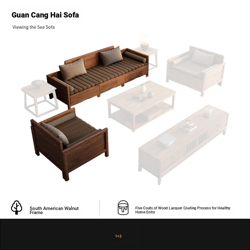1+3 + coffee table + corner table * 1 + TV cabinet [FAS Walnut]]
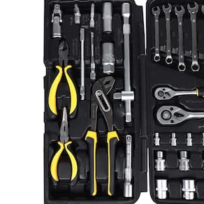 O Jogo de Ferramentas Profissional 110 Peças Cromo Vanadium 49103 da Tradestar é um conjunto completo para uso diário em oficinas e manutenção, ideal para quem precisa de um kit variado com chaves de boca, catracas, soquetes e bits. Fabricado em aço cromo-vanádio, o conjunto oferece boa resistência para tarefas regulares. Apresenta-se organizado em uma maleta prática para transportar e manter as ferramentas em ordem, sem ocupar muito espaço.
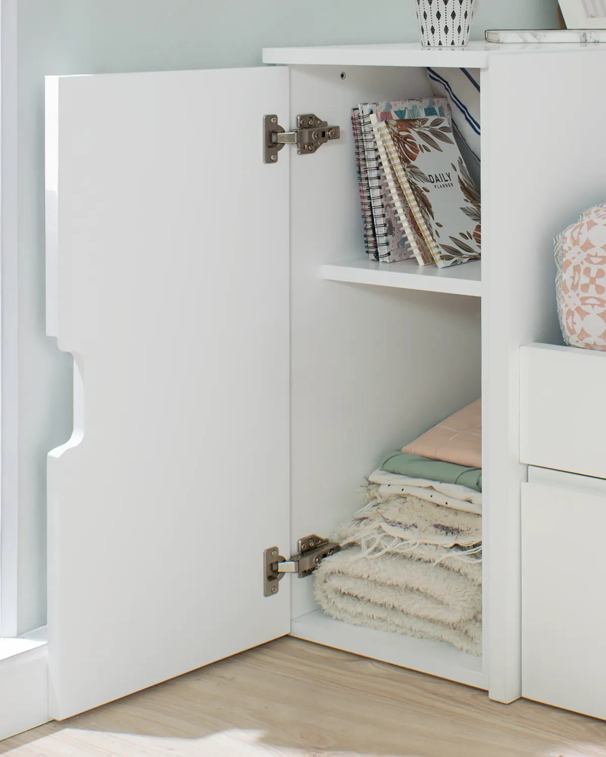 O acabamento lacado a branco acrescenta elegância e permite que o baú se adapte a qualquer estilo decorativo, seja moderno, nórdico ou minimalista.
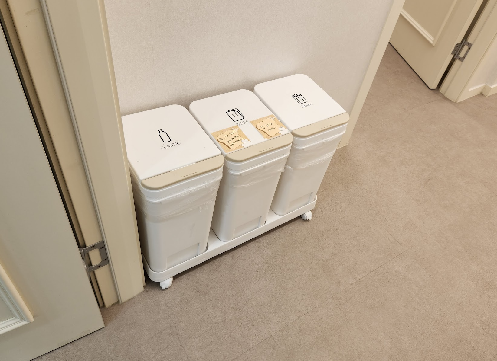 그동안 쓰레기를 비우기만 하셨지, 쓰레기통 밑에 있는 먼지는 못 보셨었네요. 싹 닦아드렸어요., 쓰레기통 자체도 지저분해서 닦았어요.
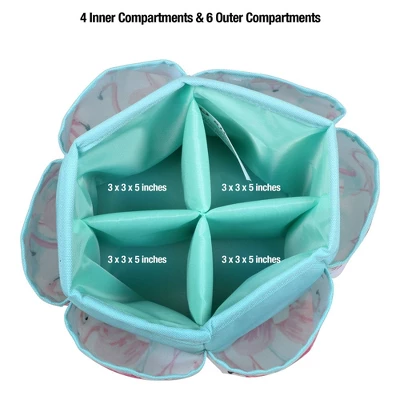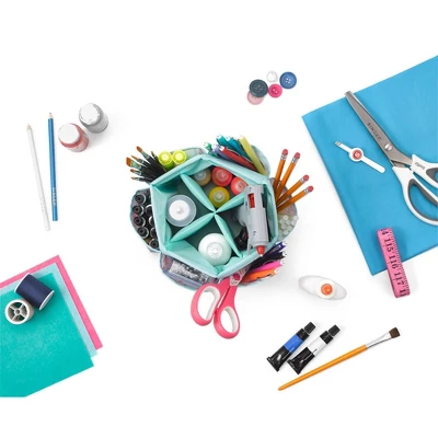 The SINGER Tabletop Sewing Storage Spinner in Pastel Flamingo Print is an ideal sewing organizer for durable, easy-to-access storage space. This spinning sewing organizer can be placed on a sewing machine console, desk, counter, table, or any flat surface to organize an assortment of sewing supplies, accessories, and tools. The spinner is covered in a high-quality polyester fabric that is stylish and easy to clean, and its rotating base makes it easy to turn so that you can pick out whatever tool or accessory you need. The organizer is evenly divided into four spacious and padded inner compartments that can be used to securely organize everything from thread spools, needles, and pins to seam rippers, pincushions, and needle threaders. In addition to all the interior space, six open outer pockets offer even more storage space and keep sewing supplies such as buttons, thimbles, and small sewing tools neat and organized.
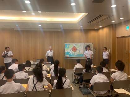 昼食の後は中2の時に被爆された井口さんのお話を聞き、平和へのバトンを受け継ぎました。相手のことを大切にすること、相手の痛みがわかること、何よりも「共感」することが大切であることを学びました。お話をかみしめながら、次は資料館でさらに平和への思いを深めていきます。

- - -

> **Task**
This exercise asks for an exact copy of the lines from the first one in the data through the line that contains "그동안 쓰레기를 비우기만", pictures excluded.

> **Response box**
1+3 + coffee table + corner table * 1 + TV cabinet [FAS Walnut]]
 O Jogo de Ferramentas Profissional 110 Peças Cromo Vanadium 49103 da Tradestar é um conjunto completo para uso diário em oficinas e manutenção, ideal para quem precisa de um kit variado com chaves de boca, catracas, soquetes e bits. Fabricado em aço cromo-vanádio, o conjunto oferece boa resistência para tarefas regulares. Apresenta-se organizado em uma maleta prática para transportar e manter as ferramentas em ordem, sem ocupar muito espaço.
 O acabamento lacado a branco acrescenta elegância e permite que o baú se adapte a qualquer estilo decorativo, seja moderno, nórdico ou minimalista.
 그동안 쓰레기를 비우기만 하셨지, 쓰레기통 밑에 있는 먼지는 못 보셨었네요. 싹 닦아드렸어요., 쓰레기통 자체도 지저분해서 닦았어요.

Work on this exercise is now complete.